Right now, renting out the office is like selling things with tax. Beeprop can get back the tax they paid on fixing up the office.
If they turn it into flats for people to live in, that's like selling things without tax. The government doesn't charge tax on rent for homes.
Problem 1: Paying back old tax. Because they're switching from "with tax" to "without tax," Beeprop has to pay back some of the tax they already got back on the office building. It's like the government saying, "You got a tax break for a shop, but now it's a home, so pay it back!"
Problem 2: New fixes cost more. Any money they spend to change the office into flats, they can't get the tax back on those costs. So, it makes the renovation more expensive for Beeprop.

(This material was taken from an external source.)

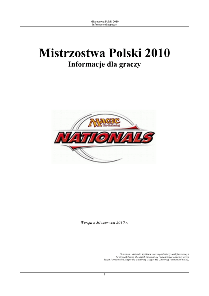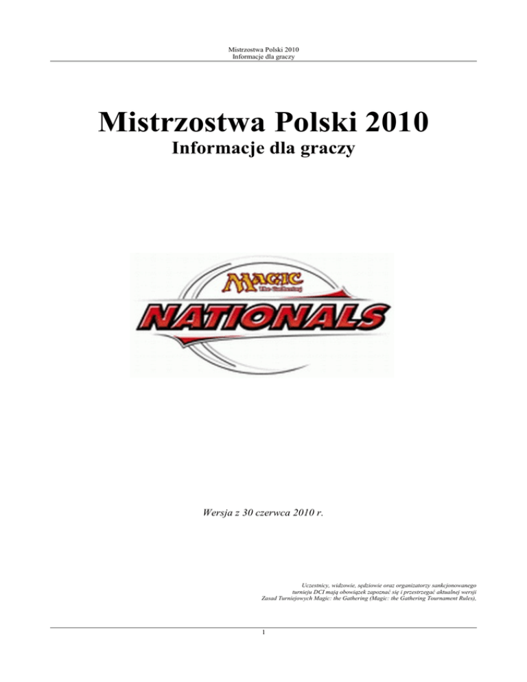 Mistrzostwa Polski 2010 Informacje dla graczy Mistrzostwa Polski 2010 Informacje dla graczy Wersja z 30 czerwca 2010 r. Uczestnicy, widzowie, sędziowie oraz organizatorzy sankcjonowanego turnieju DCI mają obowiązek zapoznać się i przestrzegać aktualnej wersji Zasad Turniejowych Magic: the Gathering (Magic: the Gathering Tournament Rules), 1 Mistrzostwa Polski 2010 Informacje dla graczy 1. SPRAWY ORGANIZACYJNE 1.1. Lokalizacja Hotel Gromada - sala Koral ul. 17 Stycznia 32 Warszawa 1.2. Dojazd Z Dworca Centralnego: Autobus nr 175. Czas przejazdu ok. 30 minut. W piątek czas dojazdu może być dłuższy. Z Dworca Zachodniego: Autobus nr 154. Czas przejazdu ok. 30 minut. W piątek czas dojazdu może być dłuższy. 1.3. Termin rozgrywek Mistrzostwa Polski 2010 odbędą się w dniach 3-4 lipca 2010 r. Dzień wcześniej (2. lipca) odbędą się turnieje kwalifikacyjne ostatniej szansy – Grindery. 1.4. Noclegi Noclegi należy zapewnić sobie we własnym zakresie. 1.5. Przydatne informacje w Internecie Najnowsze informacje o Mistrzostwach Polski: Strona firmy ISA Informacje o Warszawie: Plan Warszawy Rozkład komunikacji miejskiej Strona Hotelu Gromada 1.6. Wybory Prezydenta Rzeczypospolitej Polskiej Najbliższa Komisja Wyborcza znajduje się w Przedszkolu nr 175, ul. Astronautów 5 Lokalizacja najbliższej Komisji Wyborczej 2 Mistrzostwa Polski 2010 Informacje dla graczy 2. ZASADY OBOWIĄZUJĄCE PODCZAS MISTRZOSTW POLSKI 2.1. Widzowie Widzowie mogą oglądać przebieg meczów. Muszą jednak przestrzegać następujących reguł: – Nie wolno rozmawiać z graczami i między sobą. – Należy umożliwić sędziom swobodne przejście i dostęp do stolików, przy których odbywają się mecze. – Widzom nie wolno siadać przy stolikach. – Nie wolno przestawiać krzeseł, stołów, numerów stolików. – Gracz ma prawo poprosić sędziego o odsunięcie widza od stolika, przy którym gra, bez podania przyczyny. Osoby, które zauważyły złamanie zasad gry bądź DCI, powinny niezwłocznie powiadomić sędziego. W żadnym wypadku NIE wolno interweniować samodzielnie, można jedynie poprosić graczy, aby przerwali grę. Na terenie Mistrzostw Polski obowiązuje zakaz spożywania alkoholu i palenia. Sędzia główny, organizator lub kierownictwo obsługi obiektu mogą zakazać wstępu na teren Mistrzostw Polski osobom nieprzestrzegającym powyższych zasad lub innych obowiązujących regulaminów. 2.2. Prasa Przebieg meczów i draftów mogą notować, fotografować lub nagrywać wyłącznie osoby, które uzyskały zgodę sędziego głównego. Osoby, które chcą relacjonować mecze, w szczególności mecze pokazowe (ang. feature match), powinny skontaktować się wcześniej z sędzią głównym. 2.3. Uczestnicy Mistrzostw Polski Uczestnicy Mistrzostw Polski są zobowiązani do przestrzegania zasad, o których mowa w punkcie 2.1. Widzowie. Ponadto: – na stołach do gry nie wolno stawiać napojów i jedzenia; – na prośbę sędziego ze stołu należy usunąć maskotki, pudełka na karty itp. 2.4. Mecze pokazowe W każdej rundzie jedna lub więcej par graczy może zostać wybrana do meczu pokazowego. Mecze te rozgrywa się w specjalnie do tego wyznaczonym miejscu. Gracz nie może odmówić uczestnictwa w takim meczu i jest zobowiązany ujawnić osobie relacjonującej przebieg rozgrywki swoje decyzje dotyczące wymiany kart pomiędzy talią a talią pomocniczą (ang. sideboard). 2.5. Telefony komórkowe Na terenie Mistrzostw Polski obowiązuje zakaz rozmawiania przez telefony komórkowe. Aparaty powinny mieć wyciszony dzwonek. Sędzia główny może uchylić tę zasadę w wyjątkowych okolicznościach na indywidualną prośbę uczestnika. 3 Mistrzostwa Polski 2010 Informacje dla graczy 3. DODATKOWE ATRAKCJE 3.1. Grinder A Data: Format: Nagrody: Koszt: Rejestracja: Start turnieju: Uwagi: 2 lipca 2010 (piątek) Standard, system pucharowy (single-elimination) 4 zaproszenia na Mistrzostwa Polski 25 zł 11.00-11.30 11.30 po wyłonieniu Top 4 turniej nie będzie kontynuowany Grinder B Data: Format: Nagrody: Koszt: Rejestracja: Start turnieju: Uwagi: 2 lipca 2010 (piątek) Standard, system pucharowy (single-elimination) 4 zaproszenia na Mistrzostwa Polski 25 zł 16.00-16.30 16.30 po wyłonieniu Top 4 turniej nie będzie kontynuowany 3.2. Egzaminy sędziowskie Egzaminy sędziowskie przeprowadza Paweł Kazimierczuk. Osoby pragnące zdawać egzamin sędziowski powinny przesłać taką informację na adres amplitur[maupa]wp.pl. Egzamin sędziowski wymaga wcześniejszego przygotowania, w tym nauczenia się zasad gry oraz zasad turniejowych, a także zaliczonego Rules Advisor Test (http://judge.wizards.com). Od kandydatów będzie wymagane sędziowanie podczas wszystkich trzech dni Mistrzostw Polski. 3.3. Turnieje otwarte (Public events) Przewiduje się następujące turnieje towarzyszące podczas Mistrzostw Polski: Piątek: 11.00 – GPT Göteborg (Sealed Deck) wpisowe 80 zł, nagrody: 200 zł + box dla każdego zdobywcy bye 11.30 – Grinder A (patrz wyżej) 15.30 – Turniej „Na Życzenie” (Draft) wpisowe 130 zł, pula nagród: 100 zł za każdego uczestnika 16.30 – Grinder B (patrz wyżej) 17.00 – Turniej „Na Życzenie Bis” (Legacy) wpisowe 40 zł, pula nagród: boostery starych edycji i inne Sobota: cały dzień – dowolny format, start od razu po zebraniu ośmiu chętnych Niedziela: 11.15 – PTQ Amsterdam (Standard) wpisowe 45 zł, nagrody: bilet dla zwycięzcy oraz nagrody pocieszenia dla Top 8 4 Mistrzostwa Polski 2010 Informacje dla graczy Ponadto, codziennie będą się odbywać sankcjonowane turnieje Booster Draft i Constructed. Początek każdego turnieju od razu po zebraniu ośmiu chętnych. Wpisowe: Constructed – 15 zł, pula nagród: booster za każdego uczestnika Booster Draft – 30 zł / 24 zł (zależnie od edycji), nagrody: zestaw draftowy dla zwycięzcy Booster Draft promocyjny – 10 zł / 5 zł / 3 zł (zależnie od edycji) Podobnie jak w zeszłym roku, firma ISA

Problem 3: Less tax breaks later. Beeprop does other business too. If more of their business is "without tax" (flats), they'll get fewer overall tax breaks on their shared costs in the future.
Solution: If they made the flats like a hotel or serviced apartments (where they also provide services like cleaning), then it would be considered "with tax" business again. This way, they avoid all the problems above and can still get tax back on renovation costs.
This document explains the VAT implications of converting a commercial office building (taxable supply) into residential accommodation (exempt supply) for Beeprop.
Key points:
Office Letting: Originally a taxable supply, allowing 100% input VAT claims.
Residential Letting: An exempt supply; no VAT charged on rent, no input VAT claims on related costs.
VAT Adjustment (s18(1)): Converting from taxable to exempt use triggers an output tax adjustment based on the building's open market value, effectively clawing back previously claimed input VAT.
No Input Tax on Conversion: Costs to convert to residential units cannot have input VAT claimed, increasing the effective cost.
Mixed-Use Vendor: Beeprop will become a mixed-use vendor, requiring input tax apportionment, likely reducing future claims on shared costs.
Alternative: To avoid these negative VAT consequences, convert to "commercial accommodation" (e.g., furnished apartments with services), which is a taxable supply.